I have come across the following function and I'm trying to figure out what it really is. I have this function:

$f[x, y] = \delta [x + 2A, y - A] - \delta [x - A, y + A]$. The $\delta$ is representative of the dirac delta function. This function is used as input to some finite impulse response filter.

What does this function really mean? Is the first part of the function 0 everywhere except $-2A, A$ and the second part 0 everywhere except $A, -A$ ?

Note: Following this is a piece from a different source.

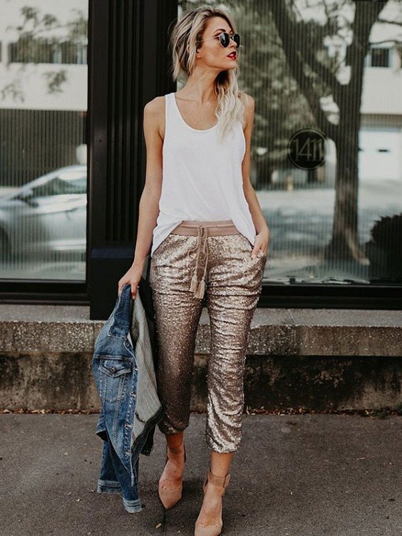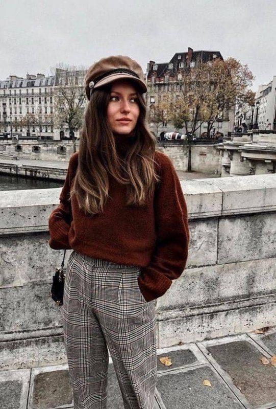 Для затишного і теплого образу можна одягнути вкорочений светр або светр, заправлений в штани, або яскраву футболку з актуальним пуховиком. Але навіть при створенні комфортного образу можна додати трохи жіночності за допомогою зачіски, макіяжу, витончених аксесуарів на вуха або шию.

• In an image represented as pixels in two dimensions, say as samples on a rectangular grid, this would be a positive impulse at $(-2A,A)$ and a negative impulse at $(A,-A)$. If your filter had impulse response $g(x,y)$, it would produce $g(x+2A,y-A)-g(x-A,y+A)$ when the input was $f(x,y)$. – Dilip Sarwate Feb 19 '12 at 22:41
• @DilipSarwate Thanks for the comment. Would it really be those 2 separate calls to the impulse response? It is two separate dirac delta functions, but they are one function f(x,y). Having trouble understanding why that would be – Steve Feb 20 '12 at 0:04
• It's a bit of an under-abstracted (and IMO not particularly good) notation you use there. In physics, we would write it like this: "$f(\mathbf{r}) = \delta(\mathbf{r}-\mathbf{r}'_1) - \delta(\mathbf{r}-\mathbf{r}'_2)$ with $\mathbf{r}'_1=(-2A,A),\mathbf{r}'_1=(A,-A)_{\mathbf{e}_x,\mathbf{e}_y}$" which I consider to make it much clearer that you're right with what's going on. – leftaroundabout Feb 20 '12 at 0:07

A (two-dimensional) finite-impulse-response filter has an impulse response $g(x,y)$ that is nonzero only for $(x,y)$ in a region of finite area (continuous parameters) of for a finite number of values of $x$ and $y$ (discrete parameter). For example, $g(x,y)$ might be nonzero only for points inside a circle of radius $r$. Specifically, consider $$g(x,y) = \begin{cases}1, &x^2 + y^2 \leq r^2,\\0, &\text{otherwise}\end{cases}$$ describes an image filter whose response to a point source (impulse function) at the origin is a disc of radius $r$ in the filtered image. For input $f(x,y) = \delta (x + 2A, y - A) - \delta (x - A, y + A)$, the filter output would be the sum of a positive disc centered at $(-2A,A)$ and a negative disc centered at $(A,-A)$ with cancellation occurring where the discs overlapped. (Disc ovrlap would be determined by the relationship between $A$ and $r$). More formally, $$g(x,y)\circledast f(x,y) = \begin{cases} 1, &(x+2A)^2 + (y-A)^2 \leq r^2, (x-A)^2+(y+A)^2 > r^2,\\ -1, &(x+2A)^2 + (y-A)^2 > r^2, (x-A)^2+(y+A)^2 \leq r^2,\\ 0, &\text{otherwise.}\end{cases}$$ where we have combined the outer darkness of $0$ with the $0$ produced by the cancellation of the discs in the region of overlap (if any).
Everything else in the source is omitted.